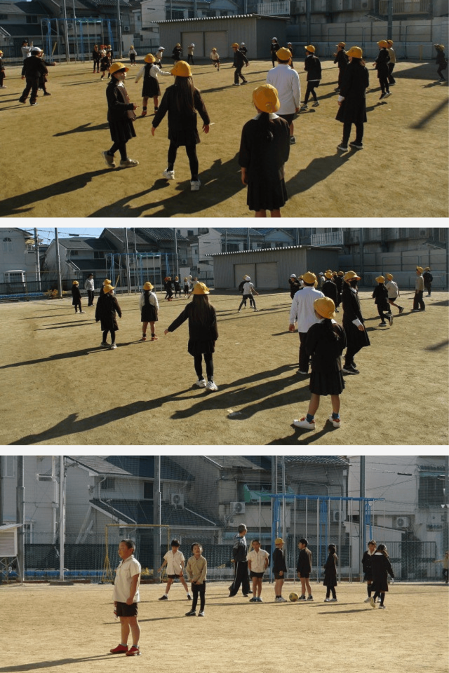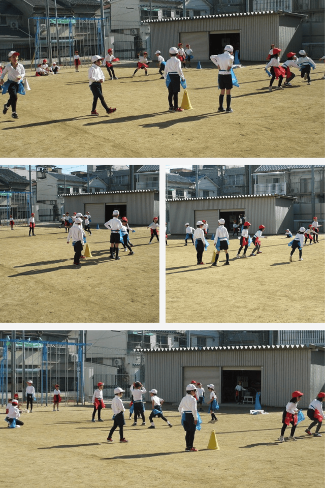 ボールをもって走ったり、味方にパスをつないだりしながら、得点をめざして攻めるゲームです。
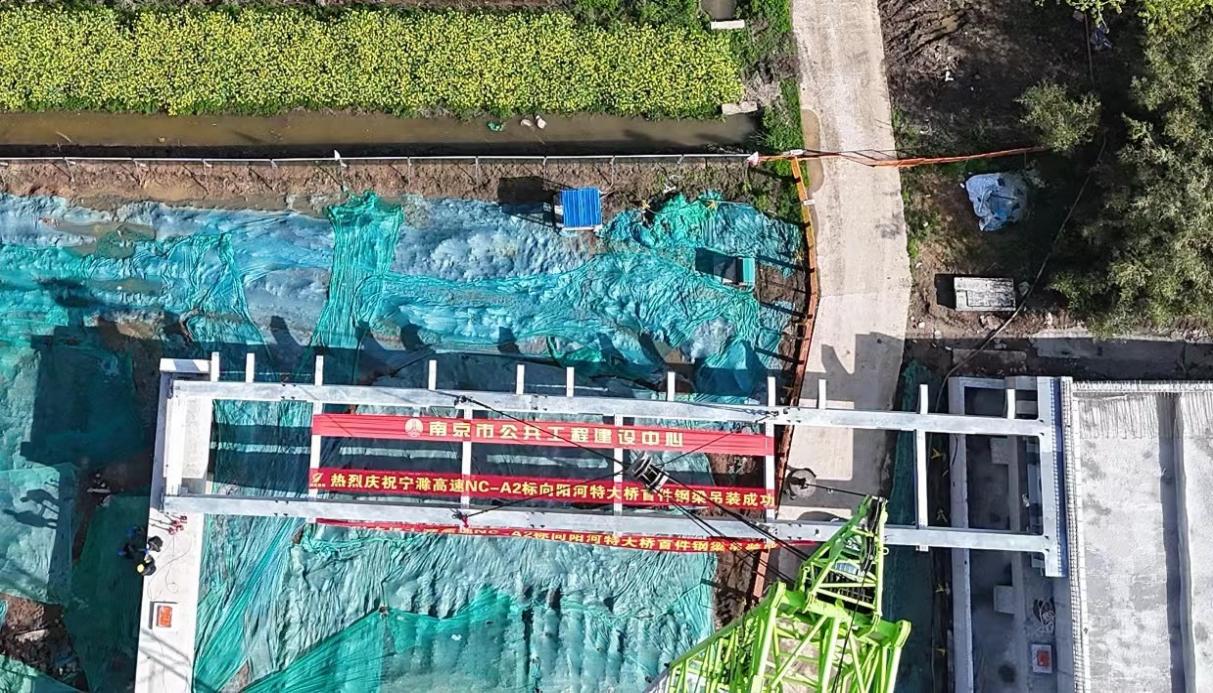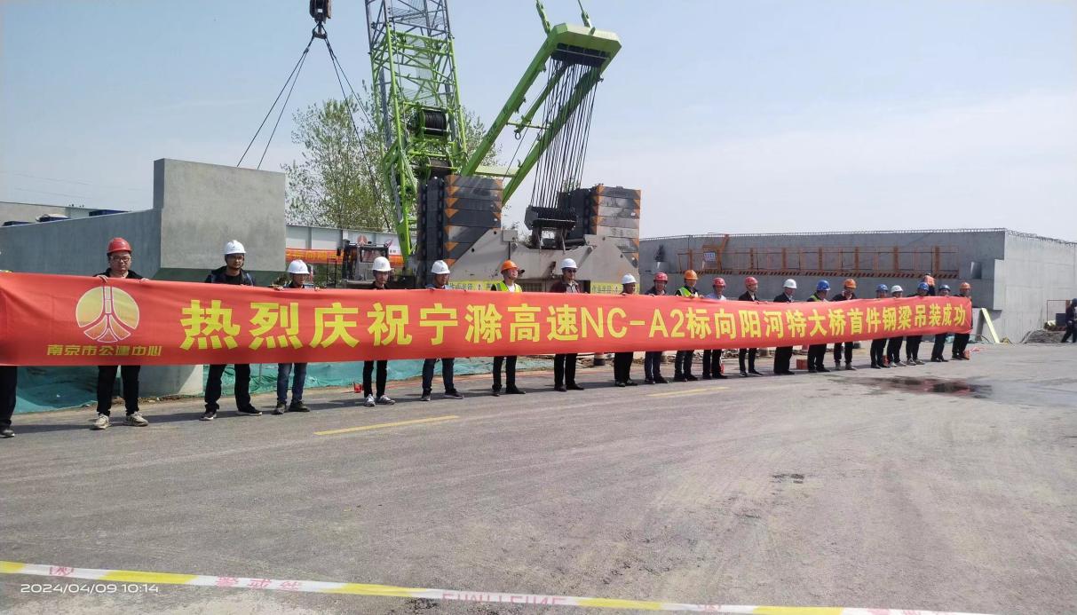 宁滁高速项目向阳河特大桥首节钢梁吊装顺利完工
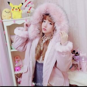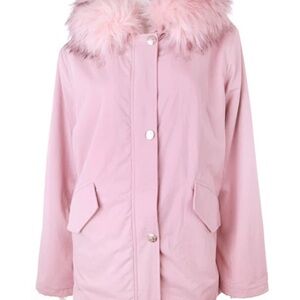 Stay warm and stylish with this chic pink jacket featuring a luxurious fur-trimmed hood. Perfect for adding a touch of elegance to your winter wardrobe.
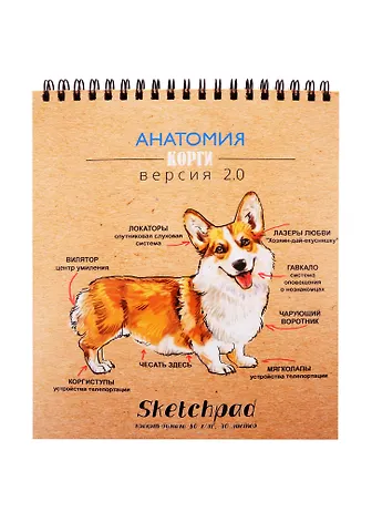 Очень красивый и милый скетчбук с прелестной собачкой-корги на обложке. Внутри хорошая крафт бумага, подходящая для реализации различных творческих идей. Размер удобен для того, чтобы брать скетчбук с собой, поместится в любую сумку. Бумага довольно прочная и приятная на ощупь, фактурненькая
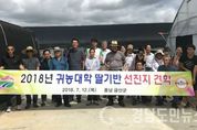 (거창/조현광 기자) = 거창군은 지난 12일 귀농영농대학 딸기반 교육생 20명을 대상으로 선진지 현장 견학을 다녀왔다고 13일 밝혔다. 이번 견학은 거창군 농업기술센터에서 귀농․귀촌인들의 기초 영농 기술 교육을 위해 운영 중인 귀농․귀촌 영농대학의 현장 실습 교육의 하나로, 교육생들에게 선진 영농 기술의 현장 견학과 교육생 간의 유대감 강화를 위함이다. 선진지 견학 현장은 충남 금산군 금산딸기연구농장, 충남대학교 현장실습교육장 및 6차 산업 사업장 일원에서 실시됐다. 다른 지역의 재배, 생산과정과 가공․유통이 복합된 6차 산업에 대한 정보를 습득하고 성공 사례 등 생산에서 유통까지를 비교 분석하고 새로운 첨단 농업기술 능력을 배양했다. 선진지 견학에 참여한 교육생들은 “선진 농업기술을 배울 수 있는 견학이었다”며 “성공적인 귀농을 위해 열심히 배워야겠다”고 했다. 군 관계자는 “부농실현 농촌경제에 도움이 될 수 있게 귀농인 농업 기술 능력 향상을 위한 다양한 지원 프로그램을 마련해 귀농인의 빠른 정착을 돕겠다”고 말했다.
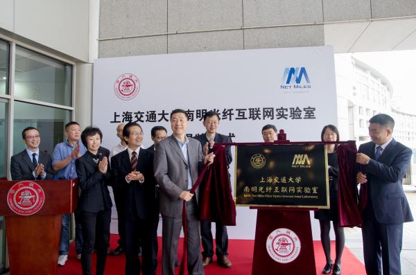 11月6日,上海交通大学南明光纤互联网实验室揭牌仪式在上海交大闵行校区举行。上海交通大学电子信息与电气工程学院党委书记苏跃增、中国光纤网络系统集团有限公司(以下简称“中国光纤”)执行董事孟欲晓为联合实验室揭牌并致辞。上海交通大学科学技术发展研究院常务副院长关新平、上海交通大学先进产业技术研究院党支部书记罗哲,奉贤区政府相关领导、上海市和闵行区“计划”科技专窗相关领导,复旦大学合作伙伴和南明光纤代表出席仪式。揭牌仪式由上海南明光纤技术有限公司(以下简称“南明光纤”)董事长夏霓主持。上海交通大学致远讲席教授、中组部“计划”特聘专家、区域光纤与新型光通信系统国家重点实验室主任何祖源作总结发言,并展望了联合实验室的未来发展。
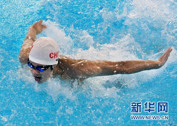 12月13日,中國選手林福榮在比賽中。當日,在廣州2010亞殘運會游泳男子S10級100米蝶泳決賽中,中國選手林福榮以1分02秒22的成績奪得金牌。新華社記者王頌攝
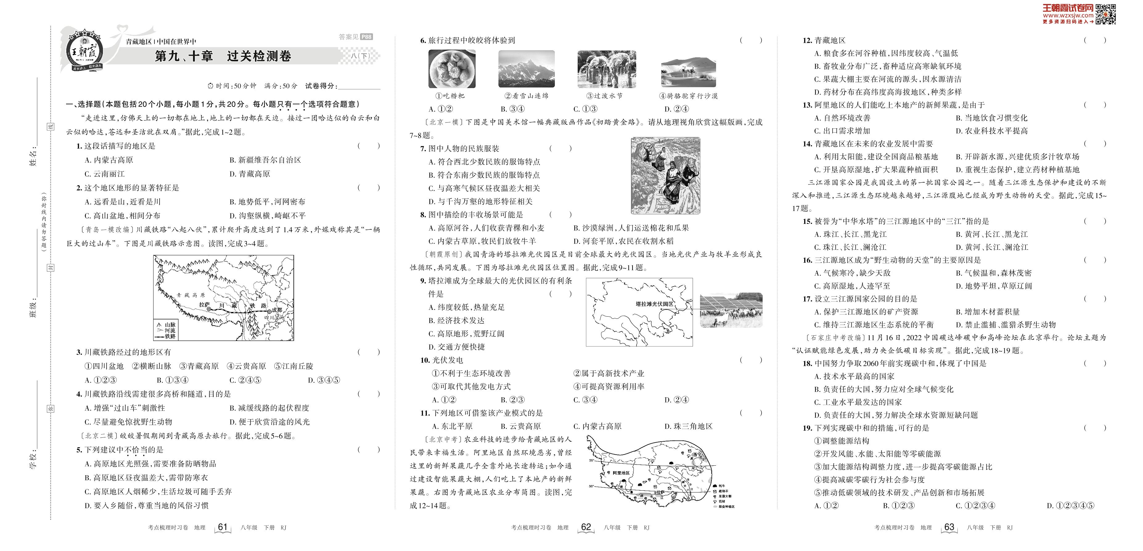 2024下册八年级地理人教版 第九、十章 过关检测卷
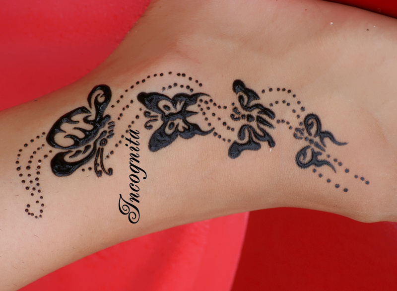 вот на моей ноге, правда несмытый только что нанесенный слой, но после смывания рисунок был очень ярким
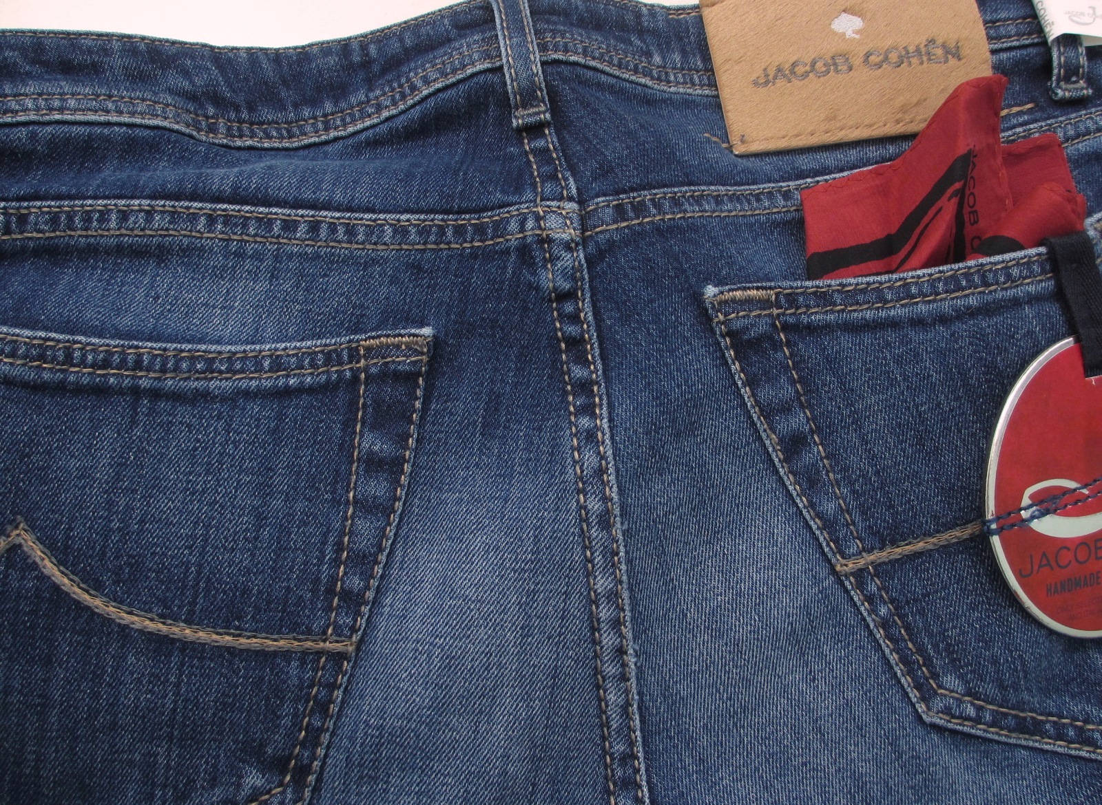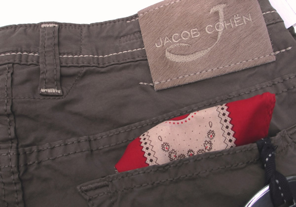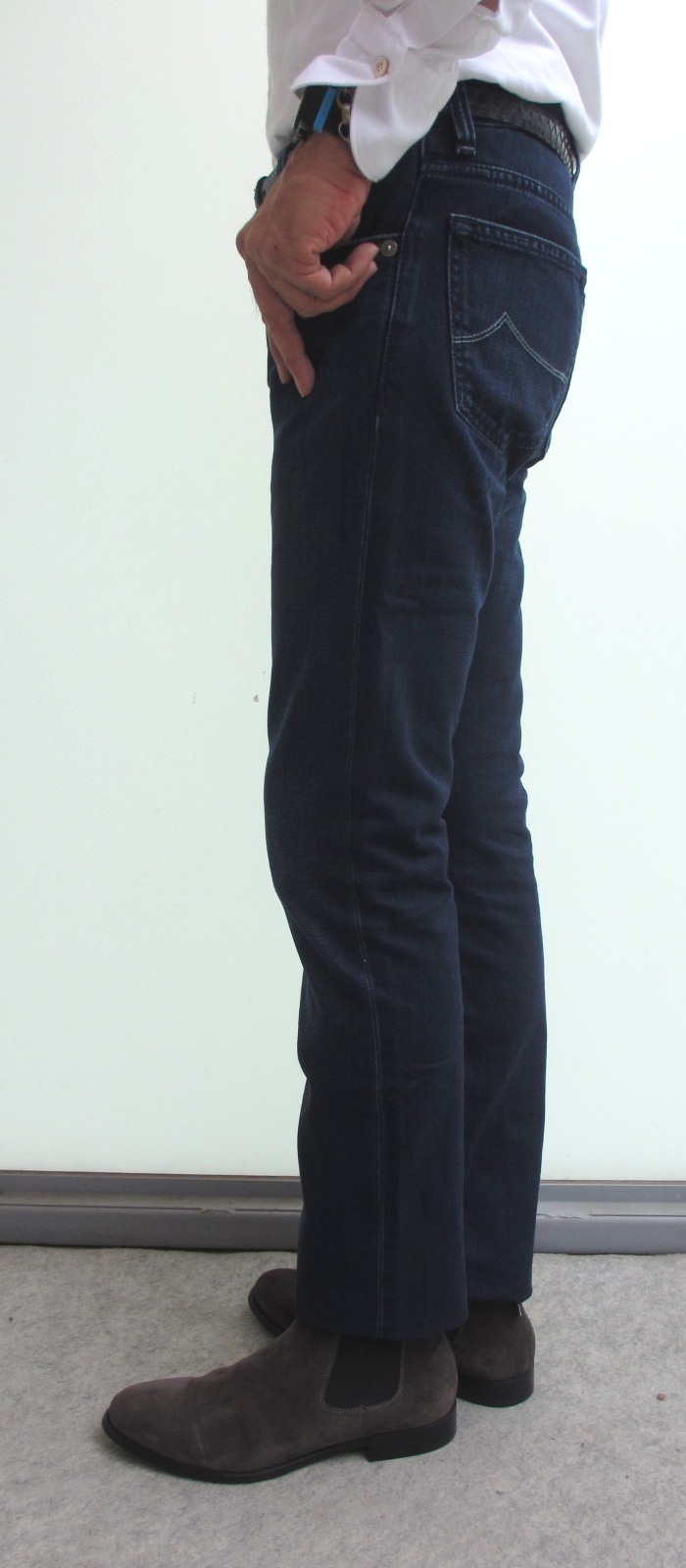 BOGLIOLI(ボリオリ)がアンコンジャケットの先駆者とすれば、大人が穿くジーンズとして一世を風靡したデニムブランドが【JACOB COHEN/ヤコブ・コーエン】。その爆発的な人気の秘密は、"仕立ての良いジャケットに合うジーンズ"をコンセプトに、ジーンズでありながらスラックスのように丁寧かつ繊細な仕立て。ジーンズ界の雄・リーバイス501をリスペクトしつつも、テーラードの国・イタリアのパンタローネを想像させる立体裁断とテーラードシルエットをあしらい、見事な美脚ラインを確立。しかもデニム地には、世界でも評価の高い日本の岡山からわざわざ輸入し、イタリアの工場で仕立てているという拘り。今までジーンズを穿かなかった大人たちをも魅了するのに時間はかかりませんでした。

**WHAT THE TASK REQUIRES**.
What is needed is an exact copy of the lines above, from the one holding "(거창/조현광 기자) = 거창군은" down to the one holding "12月13日,中國選手林福榮", with those two included and the pictures left out.

**RESPONSE FOR THIS EXERCISE**.
 (거창/조현광 기자) = 거창군은 지난 12일 귀농영농대학 딸기반 교육생 20명을 대상으로 선진지 현장 견학을 다녀왔다고 13일 밝혔다. 이번 견학은 거창군 농업기술센터에서 귀농․귀촌인들의 기초 영농 기술 교육을 위해 운영 중인 귀농․귀촌 영농대학의 현장 실습 교육의 하나로, 교육생들에게 선진 영농 기술의 현장 견학과 교육생 간의 유대감 강화를 위함이다. 선진지 견학 현장은 충남 금산군 금산딸기연구농장, 충남대학교 현장실습교육장 및 6차 산업 사업장 일원에서 실시됐다. 다른 지역의 재배, 생산과정과 가공․유통이 복합된 6차 산업에 대한 정보를 습득하고 성공 사례 등 생산에서 유통까지를 비교 분석하고 새로운 첨단 농업기술 능력을 배양했다. 선진지 견학에 참여한 교육생들은 “선진 농업기술을 배울 수 있는 견학이었다”며 “성공적인 귀농을 위해 열심히 배워야겠다”고 했다. 군 관계자는 “부농실현 농촌경제에 도움이 될 수 있게 귀농인 농업 기술 능력 향상을 위한 다양한 지원 프로그램을 마련해 귀농인의 빠른 정착을 돕겠다”고 말했다.
 11月6日,上海交通大学南明光纤互联网实验室揭牌仪式在上海交大闵行校区举行。上海交通大学电子信息与电气工程学院党委书记苏跃增、中国光纤网络系统集团有限公司(以下简称“中国光纤”)执行董事孟欲晓为联合实验室揭牌并致辞。上海交通大学科学技术发展研究院常务副院长关新平、上海交通大学先进产业技术研究院党支部书记罗哲,奉贤区政府相关领导、上海市和闵行区“计划”科技专窗相关领导,复旦大学合作伙伴和南明光纤代表出席仪式。揭牌仪式由上海南明光纤技术有限公司(以下简称“南明光纤”)董事长夏霓主持。上海交通大学致远讲席教授、中组部“计划”特聘专家、区域光纤与新型光通信系统国家重点实验室主任何祖源作总结发言,并展望了联合实验室的未来发展。
 12月13日,中國選手林福榮在比賽中。當日,在廣州2010亞殘運會游泳男子S10級100米蝶泳決賽中,中國選手林福榮以1分02秒22的成績奪得金牌。新華社記者王頌攝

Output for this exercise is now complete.